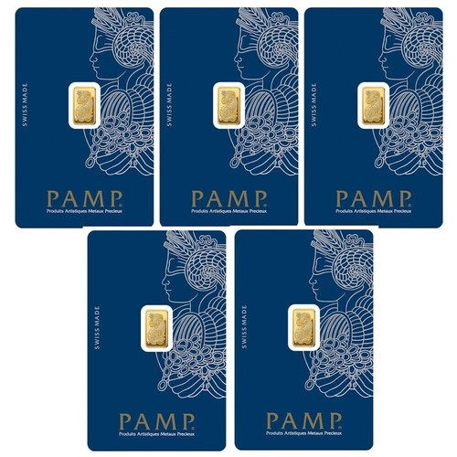 Lot of 5 – 1 gram Gold Bar PAMP Suisse Fortuna .9999 Fine Gold – In Sealed Assay
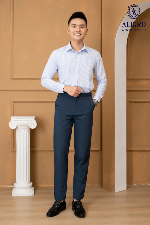 Áo sơ mi nam dài tay cao cấp Aligro ALGS220 chất liệu vải modal form SLIMFIT kẻ caro xanh
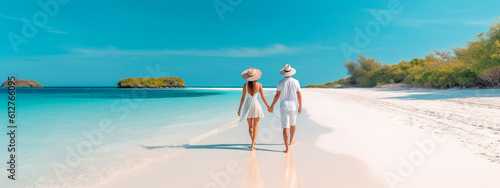 young couple walking on white sand beach on paradise island. Generative AI,

++++++++++++++++++++

**PROBLEM DESCRIPTION:**
The lines above should be transcribed exactly, with every image removed.

**ANSWER:**
 Lot of 5 – 1 gram Gold Bar PAMP Suisse Fortuna .9999 Fine Gold – In Sealed Assay
 Áo sơ mi nam dài tay cao cấp Aligro ALGS220 chất liệu vải modal form SLIMFIT kẻ caro xanh
 young couple walking on white sand beach on paradise island. Generative AI,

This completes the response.